Valley residents voice concern over handling of Saddle Ridge Fire during meeting

Jory Rand Image
Thursday, October 17, 2019
Valley residents voice concern during meeting on Saddle Ridge Fire
Residents affected by the Saddle Ridge Fire gathered in Granada Hills to receive updates and voice concerns regarding the handling of the fire when it first erupted.

GRANADA HILLS, LOS ANGELES (KABC) -- Residents affected by the Saddle Ridge Fire gathered in Granada Hills Wednesday to receive updates and voice concerns regarding the handling of the fire when it first erupted.

"Absolute disaster. I mean, the city tells everyone 'We're here to help you. Sign up for this program, sign up for that program,'" said Bill Cotter of the Community Police Advisory Board. "When the program is supposed to work, it just doesn't."

Cotter was referring to the city of Los Angeles' reverse 911 system that is supposed to call residents warning them of an emergency.

"Not one person anywhere of those properties that I've spoken to has gotten a single 911 call," Cotter added.

Angela Suarez of Granada Hills said her cousin in Thousand Oaks was the one who sent her the mandatory evacuation message.

The problem has been blamed on cell towers that suffered damage in the fire, but that does not explain landlines that never got a call, or cellphones outside the fire zone near working towers.

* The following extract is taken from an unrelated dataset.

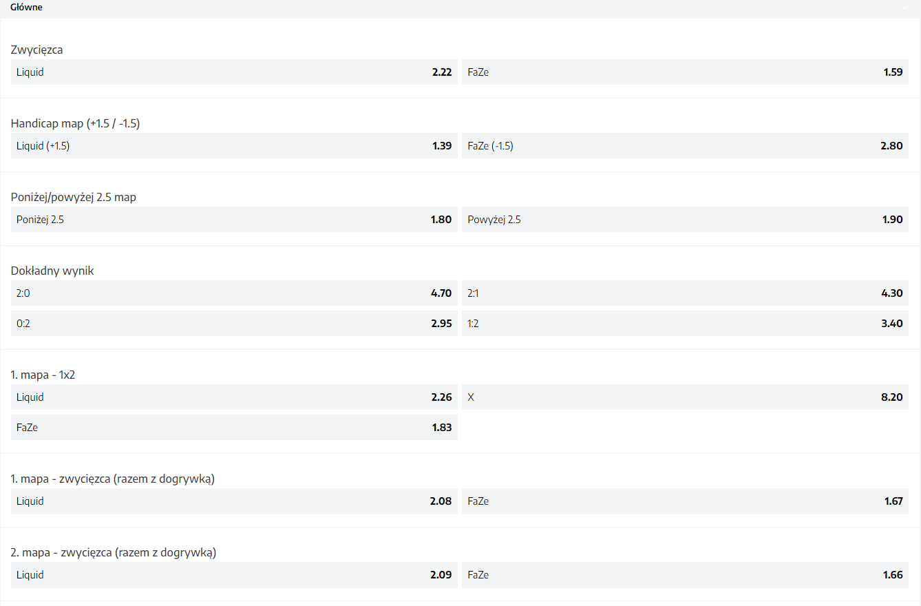 Ostatnią partię czwartkowych potyczek przewidziano na godzinę 19:30. Będzie to jednocześnie rozpoczęcie rywalizacji w zbiorze B. Na pierwszy ogień pójdzie Team Liquid, który spotka się z FaZe Clanem. Amerykańsko-francuski kolektyw nie ma za sobą dobrego startu w 2022 roku, ponieważ zajął 10-12. miejsce na BLAST Premier Spring Groups. Z kolei Finn “karrigan” Andersen i jego koledzy na tym samym turnieju zajęli 1-3. pozycję. Do tego dziewiąta siła świata rywalizowała w Play-Inach i pokonała Sprout oraz MOUZ. Obie drużyny grały przeciwko sobie już dwukrotnie w tym roku na wcześniej wspomnianych zawodach. W potyczkach BO1 dwukrotnie lepsi byli reprezentanci FaZe. W przypadku postawienia na Team Liquid i zwycięstwa tej drużyny – każda złotówka zostanie pomnożona razy 2.22. Gdy jednak postawimy na FaZe i też ten zespół okaże się lepszy – złotówka zostanie pomnożona x 1.59.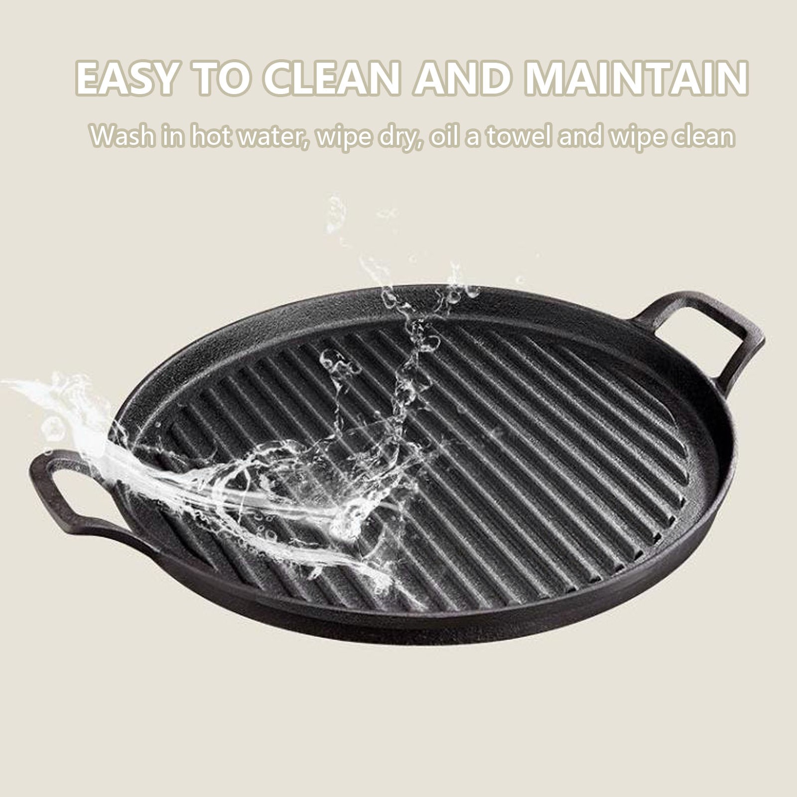 Cast Iron Griddle Reversible Dual Handle Ribbed Round Cast Iron Frying Pan For G

Also unexplained at the meeting was what was burning Tuesday at the Aliso Canyon gas storage field, the site of a massive gas leak in 2015.

SoCalGas said a small, mysterious fire burned for hours from Monday into Tuesday, which it believes is from old crude oil activity. It won't know until the Division of Oil, Gas and the Air Quality Management District tests the soil.

SoCalGas said there is no risk to the public, but residents are concerned what chemicals may have been left behind that burned in the fire.